Chain of Thought (CoT) reasoning has demonstrated remarkable deep reasoning capabilities in both large language models (LLMs) and multimodal large language models (MLLMs). However, its reliability is often undermined by the accumulation of errors in intermediate steps. This paper introduces an novel approach to calibrate the CoT reasoning accuracy by leveraging the model's intrinsic veracity encoding. We discover that specific attention head activations reliably reflect the truthfulness of reasoning steps in CoT. Based on this insight, we train a confidence predictor to evaluate the correctness of each reasoning step using these truthfulness-sensitive activations, dynamically selecting the most plausible reasoning path via beam search. Experimental results demonstrate that our method significantly outperforms the state-of-the-art baselines (e.g., Few-Shot CoT, Self-Consistency, and Self-Evaluation Guided Beam Search) across the mathematical, symbolic, and commonsense reasoning tasks, exhibiting superior accuracy and reliability in both unimodal and multimodal settings. We further validate the approach on large reasoning models, confirming its applicability to specialized reasoning models. Additionally, we explore the role of the model's self-correction ability in CoT reasoning. This work provides a novel reliability improvement path for CoT reasoning with broad application potential.

Paper Structure

This paper contains 16 sections, 6 equations, 5 figures, 4 tables.

Figures (5)

  • Figure 1: Demonstrate of the dissociation between surface-level generation probabilities and latent cognition in reasoning chains. The internal activations contain hidden representations of true information, and these sensitive activations are primarily concentrated in the intermediate layers.
  • Figure 2: An overview of our method.
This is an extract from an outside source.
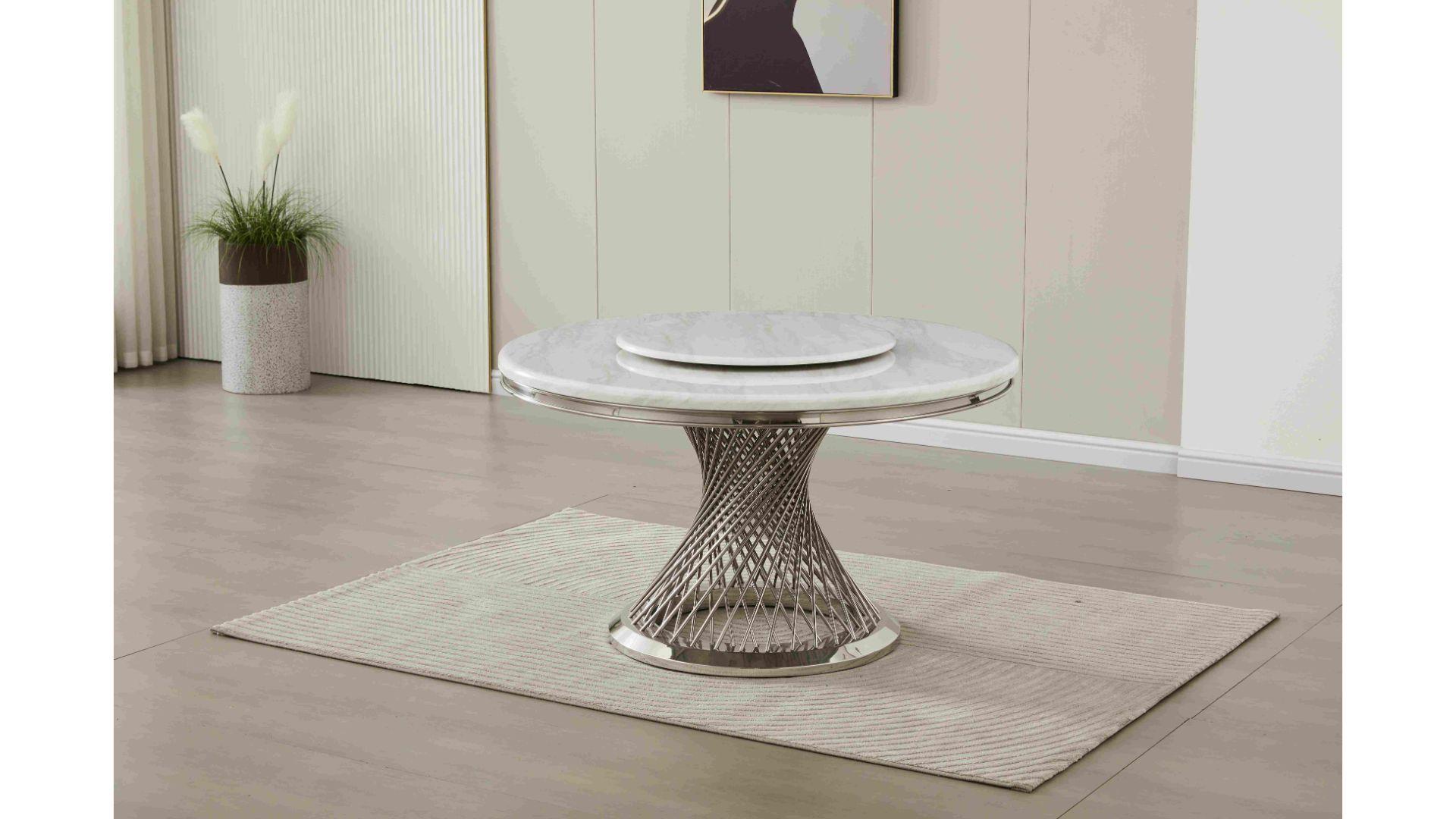 Experience dining like never before with the Remi Marble Dining Table. Featuring an elegant marble top, this table is not just a statement piece but also comes with a convenient Lazy Susan, perfect for effortless serving. Supported by a sleek chrome base, the Remi dining table exudes modern sophistication while offering practical functionality. Ideal for entertaining guests or intimate family meals, this table adds a touch of luxury and contemporary flair to your dining space.

Using the binary-labeled data to train a confidence predictor, and then introducing this predictor into the CoT reasoning process to select multiple generated candidates with the highest confidence.
  • Figure 3: This figure shows the binary dataset of the constructed CoT.
  • Figure 4: This figure shows the calibration curves of LLaMA2-13B-Chat in SciQ, where closer proximity to the Ideal Calibration curve indicates better calibration.
  • Figure 5: This figure demonstrates the effect (LLaMA2-13B) of confidence-guided reasoning.